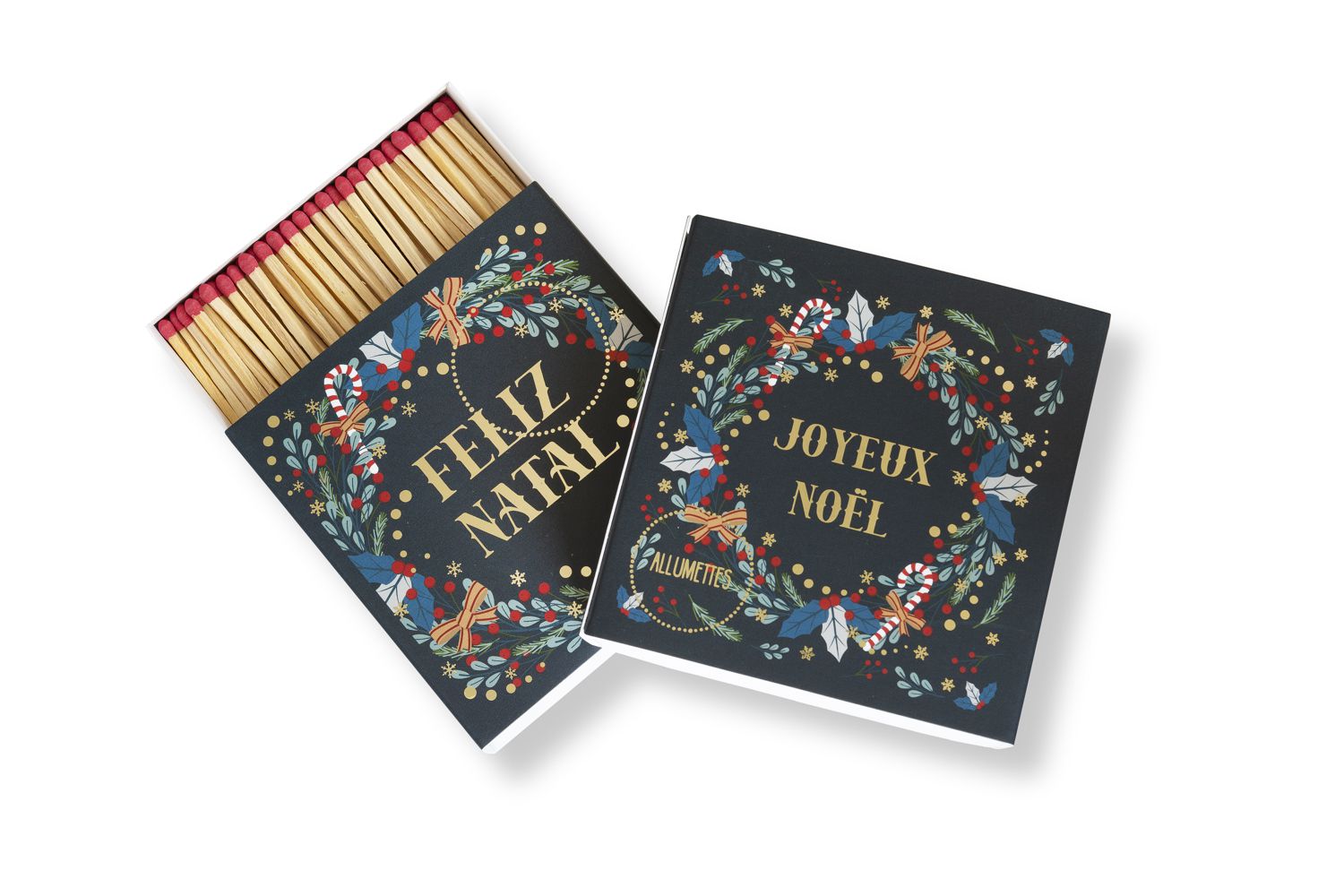 Em formato 11x11x3cm, contém 150 fósforos de segurança longos, vermelhos com 10cm de comprimento. Acabamento gold e ilustração exclusiva.
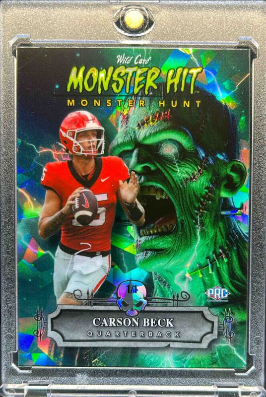 Carson Beck 2024 Wild Card Haunted Hits #MHF-CB Monster Hit Frankenstein Crystal Holo Green /1 RAW Price Guide
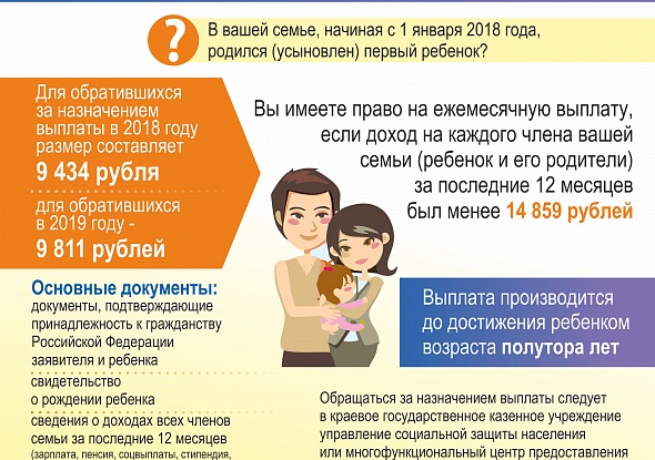 Ежемесячная выплата в связи рождением (усыновлением) первого ребенка предоставляется в соответствии с Федеральным законом от 28.12.2017 № 418-ФЗ «О ежемесячных выплатах семьям, имеющим детей». Выплата осуществляется до достижения ребенком возраста 1,5 лет, за счет средств федерального бюджета.
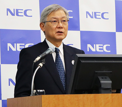 NECの海外事業の17年度(18年3月期)売上高は約7300億円の見込み。中計では20年度までに約1600億円上乗せして約8900億円まで増やしたい考え。海外セーフティ事業で約1500億円上乗せするとともに、海外向けのSDN(ソフトウェア制御ネットワーク)などを軸に伸ばす。海外向けのハードウェア販売などの減少が見込まれる事業分野もあるため、これら事業の縮小を補ってなお拡大させる。

**TASK OBJECTIVE:**
The required answer is an exact copy of the lines from the one containing "Carson Beck 2024" through the last line of the material, with the pictures removed.

**TASK ANSWER:**
 Carson Beck 2024 Wild Card Haunted Hits #MHF-CB Monster Hit Frankenstein Crystal Holo Green /1 RAW Price Guide
 Ежемесячная выплата в связи рождением (усыновлением) первого ребенка предоставляется в соответствии с Федеральным законом от 28.12.2017 № 418-ФЗ «О ежемесячных выплатах семьям, имеющим детей». Выплата осуществляется до достижения ребенком возраста 1,5 лет, за счет средств федерального бюджета.
 NECの海外事業の17年度(18年3月期)売上高は約7300億円の見込み。中計では20年度までに約1600億円上乗せして約8900億円まで増やしたい考え。海外セーフティ事業で約1500億円上乗せするとともに、海外向けのSDN(ソフトウェア制御ネットワーク)などを軸に伸ばす。海外向けのハードウェア販売などの減少が見込まれる事業分野もあるため、これら事業の縮小を補ってなお拡大させる。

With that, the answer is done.